Naturalmente questo effetto sull’offerta di lavoro ha caratteristiche legate alla partecipazione al mercato del lavoro, e Modena evidenzia un tasso di attività complessivo (73,8%) superiore alla media regionale (73,6%), mostrando così un forte recupero rispetto agli ultimi tre anni.

Le migliori performance sul piano occupazionale non trovano riscontro nelle dinamiche del ricorso agli ammortizzatori sociali.

Il trend del ricorso alla cassa integrazione ha subito un’impennata a fine 2016, su un livello che si colloca attorno ai 13,3 milioni di ore complessive (9,2 milioni di ore di straordinaria, 3 milioni di ordinaria e 1 milione di cassa in deroga), che sono il 33% in più del 2015 e si collocano su livelli comparabili a quelli del 2014. In linea generale sono circa 13.000 i lavoratori equivalenti interessati da cassa integrazione, a testimonianza della persistenza delle incertezze strutturali e anche congiunturali che colpiscono le imprese e i lavoratori.

Il mercato del lavoro, pur con i significativi e per certi versi straordinari risultati emersi nel 2016, rimane comunque ancora esposto ad una alta volatilità sia per effetto delle difficoltà ancora consistenti che stanno affrontando le piccole e piccolissime imprese, spesso escluse dai circuiti del mercato globale, sia per la persistente debolezza del mercato interno e le incertezze dei mercati internazionali che colpiscono alcuni dei settori forti dell’economia provinciale.

I timori, a suo tempo espressi dalle parti sociali, di un effetto negativo di rimbalzo nel momento in cui fossero venuti meno gli incentivi hanno trovato parziale conferma nel ritorno al consolidato modello di avviamento al lavoro sperimentato dal territorio, in cui la modalità più frequentata dai datori di lavoro per l’avviamento di nuovi rapporti di lavoro rimane il contratto a tempo determinato che da solo esaurisce oltre il 52% delle forme contrattuali rilevate nel 2016. Il dato positivo è che negli avviamenti del 2016 è aumentato il peso degli assunti delle classi di età più giovani, i quali rispetto al 2015 sono passati dal 12% al 15% del totale in media.

Si tratta di un passo verso quel rinnovamento del capitale umano territoriale che serve all’innovazione e che aveva caratterizzato il passato glorioso dell’economia modenese.
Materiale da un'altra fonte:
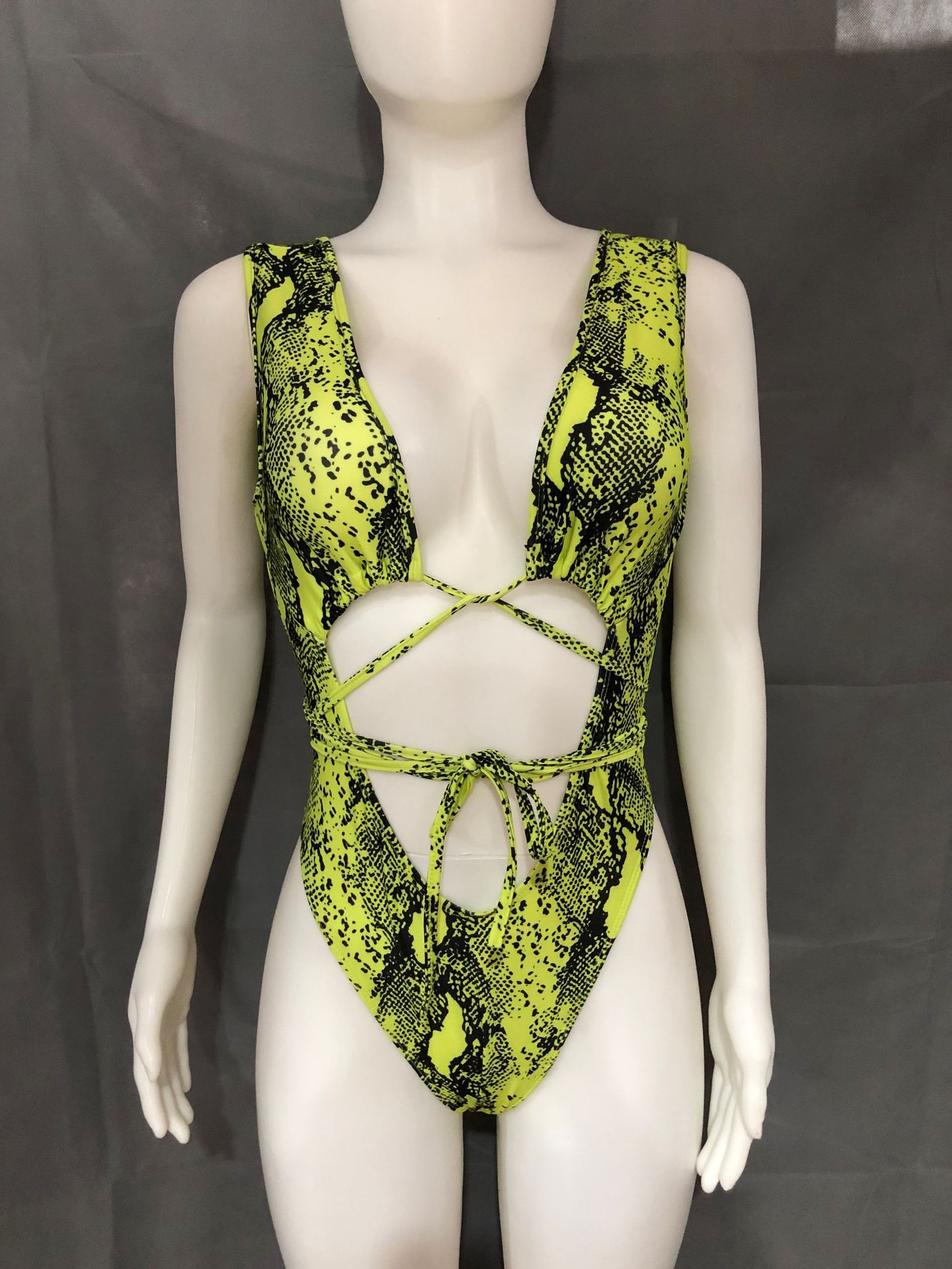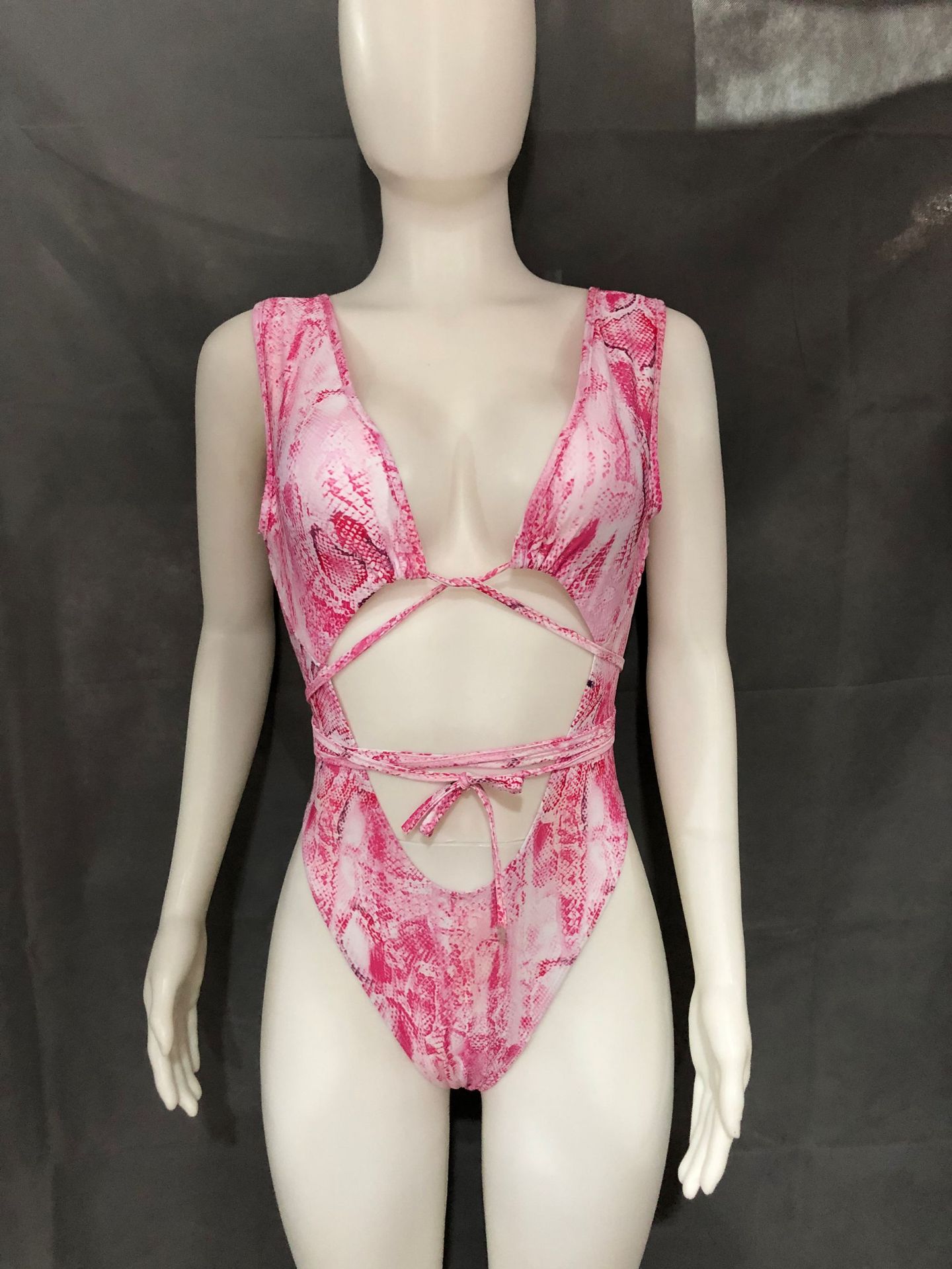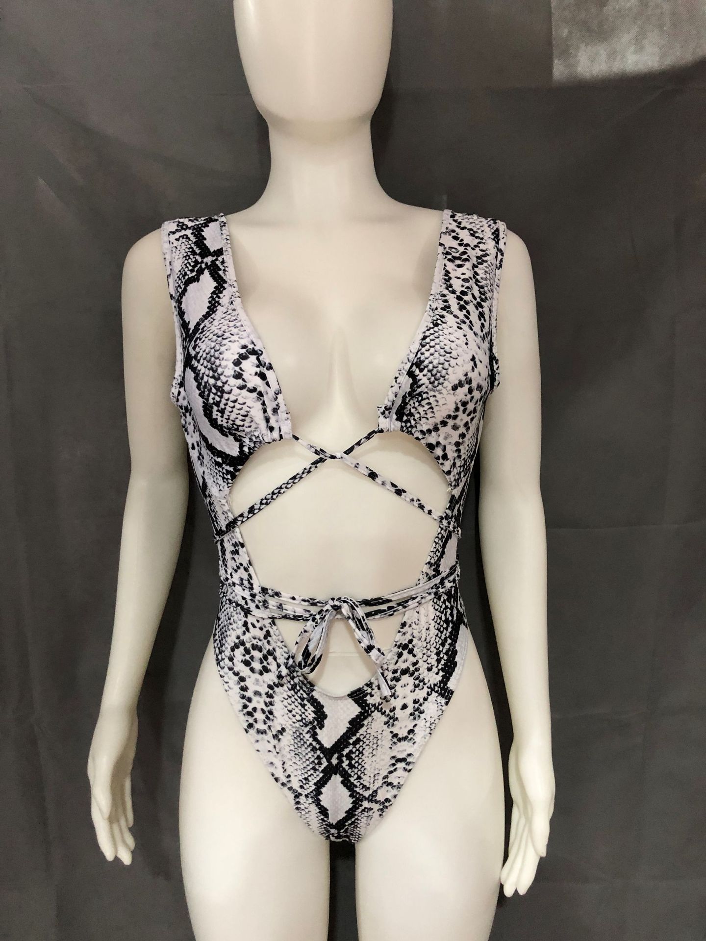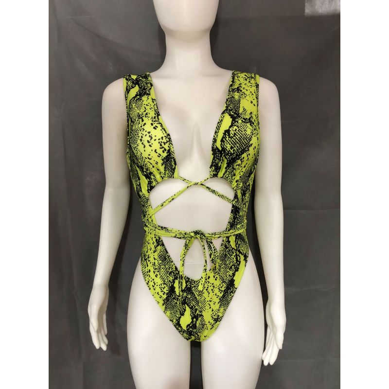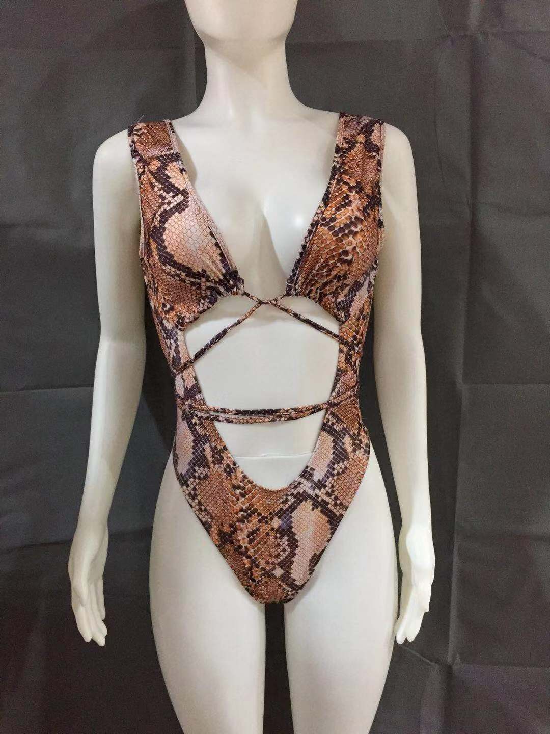 Sexy Snakeskin Pattern Printed Strappy One-piece Swimsuit

Sempre in tema di forme di contratto di lavoro flessibile a Modena sono stati venduti nel 2016 oltre 2.900.000 voucher (erano 1,7 milioni nel 2015). Per ogni occupato in provincia di Modena sono distribuiti 9,13 voucher, contro un uso pari a 7,68 voucher per occupato in regione: una diffusione del 19% superiore rispetto al territorio regionale.

In regione i voucher trovano particolare diffusione nelle aree economiche più segnate da turismo e stagionalità, mentre fra le economie a maggiore vocazione produttiva quella di Modena spicca per frequenza e diffusione di questo strumento: una ragione in più per rivedere le caratteristiche e le modalità di utilizzo di uno strumento di grande successo, ma molto controverso.